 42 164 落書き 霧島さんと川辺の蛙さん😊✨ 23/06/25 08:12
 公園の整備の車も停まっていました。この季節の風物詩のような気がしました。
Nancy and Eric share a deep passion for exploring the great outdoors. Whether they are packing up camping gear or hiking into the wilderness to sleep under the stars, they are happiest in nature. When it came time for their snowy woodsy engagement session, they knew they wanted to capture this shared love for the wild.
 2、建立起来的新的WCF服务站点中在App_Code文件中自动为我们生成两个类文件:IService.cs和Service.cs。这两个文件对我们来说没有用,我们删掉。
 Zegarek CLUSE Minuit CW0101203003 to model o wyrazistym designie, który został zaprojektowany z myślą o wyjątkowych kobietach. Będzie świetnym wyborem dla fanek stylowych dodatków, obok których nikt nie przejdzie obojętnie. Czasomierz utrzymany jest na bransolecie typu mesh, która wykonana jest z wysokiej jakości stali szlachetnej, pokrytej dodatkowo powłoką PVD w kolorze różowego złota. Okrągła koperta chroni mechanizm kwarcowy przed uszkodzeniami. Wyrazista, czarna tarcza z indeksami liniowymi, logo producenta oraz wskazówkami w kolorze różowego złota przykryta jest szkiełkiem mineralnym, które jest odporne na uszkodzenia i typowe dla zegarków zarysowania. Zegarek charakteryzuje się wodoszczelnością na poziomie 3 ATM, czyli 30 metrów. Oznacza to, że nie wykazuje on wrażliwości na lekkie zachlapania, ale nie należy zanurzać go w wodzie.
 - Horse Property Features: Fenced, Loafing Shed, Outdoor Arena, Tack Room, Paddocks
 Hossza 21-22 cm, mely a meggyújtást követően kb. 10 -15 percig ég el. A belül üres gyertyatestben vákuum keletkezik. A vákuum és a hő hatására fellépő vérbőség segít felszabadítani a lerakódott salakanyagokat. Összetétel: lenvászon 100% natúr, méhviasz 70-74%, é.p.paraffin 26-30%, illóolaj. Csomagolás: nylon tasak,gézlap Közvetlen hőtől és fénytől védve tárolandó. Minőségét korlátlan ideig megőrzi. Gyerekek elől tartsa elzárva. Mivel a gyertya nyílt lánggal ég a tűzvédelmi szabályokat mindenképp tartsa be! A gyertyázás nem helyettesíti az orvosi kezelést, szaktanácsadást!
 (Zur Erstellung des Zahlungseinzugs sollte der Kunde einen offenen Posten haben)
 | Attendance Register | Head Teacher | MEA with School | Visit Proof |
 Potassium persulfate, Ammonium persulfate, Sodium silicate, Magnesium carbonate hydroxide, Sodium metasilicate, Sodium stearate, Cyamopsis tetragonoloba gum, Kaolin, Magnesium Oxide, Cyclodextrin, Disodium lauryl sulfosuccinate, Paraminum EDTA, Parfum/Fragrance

PROBLEM STATEMENT — Repeat all the entries exactly as given.

EXERCISE OUTPUT —
 42 164 落書き 霧島さんと川辺の蛙さん😊✨ 23/06/25 08:12
 公園の整備の車も停まっていました。この季節の風物詩のような気がしました。
Nancy and Eric share a deep passion for exploring the great outdoors. Whether they are packing up camping gear or hiking into the wilderness to sleep under the stars, they are happiest in nature. When it came time for their snowy woodsy engagement session, they knew they wanted to capture this shared love for the wild.
 2、建立起来的新的WCF服务站点中在App_Code文件中自动为我们生成两个类文件:IService.cs和Service.cs。这两个文件对我们来说没有用,我们删掉。
 Zegarek CLUSE Minuit CW0101203003 to model o wyrazistym designie, który został zaprojektowany z myślą o wyjątkowych kobietach. Będzie świetnym wyborem dla fanek stylowych dodatków, obok których nikt nie przejdzie obojętnie. Czasomierz utrzymany jest na bransolecie typu mesh, która wykonana jest z wysokiej jakości stali szlachetnej, pokrytej dodatkowo powłoką PVD w kolorze różowego złota. Okrągła koperta chroni mechanizm kwarcowy przed uszkodzeniami. Wyrazista, czarna tarcza z indeksami liniowymi, logo producenta oraz wskazówkami w kolorze różowego złota przykryta jest szkiełkiem mineralnym, które jest odporne na uszkodzenia i typowe dla zegarków zarysowania. Zegarek charakteryzuje się wodoszczelnością na poziomie 3 ATM, czyli 30 metrów. Oznacza to, że nie wykazuje on wrażliwości na lekkie zachlapania, ale nie należy zanurzać go w wodzie.
 - Horse Property Features: Fenced, Loafing Shed, Outdoor Arena, Tack Room, Paddocks
 Hossza 21-22 cm, mely a meggyújtást követően kb. 10 -15 percig ég el. A belül üres gyertyatestben vákuum keletkezik. A vákuum és a hő hatására fellépő vérbőség segít felszabadítani a lerakódott salakanyagokat. Összetétel: lenvászon 100% natúr, méhviasz 70-74%, é.p.paraffin 26-30%, illóolaj. Csomagolás: nylon tasak,gézlap Közvetlen hőtől és fénytől védve tárolandó. Minőségét korlátlan ideig megőrzi. Gyerekek elől tartsa elzárva. Mivel a gyertya nyílt lánggal ég a tűzvédelmi szabályokat mindenképp tartsa be! A gyertyázás nem helyettesíti az orvosi kezelést, szaktanácsadást!
 (Zur Erstellung des Zahlungseinzugs sollte der Kunde einen offenen Posten haben)
 | Attendance Register | Head Teacher | MEA with School | Visit Proof |
 Potassium persulfate, Ammonium persulfate, Sodium silicate, Magnesium carbonate hydroxide, Sodium metasilicate, Sodium stearate, Cyamopsis tetragonoloba gum, Kaolin, Magnesium Oxide, Cyclodextrin, Disodium lauryl sulfosuccinate, Paraminum EDTA, Parfum/Fragrance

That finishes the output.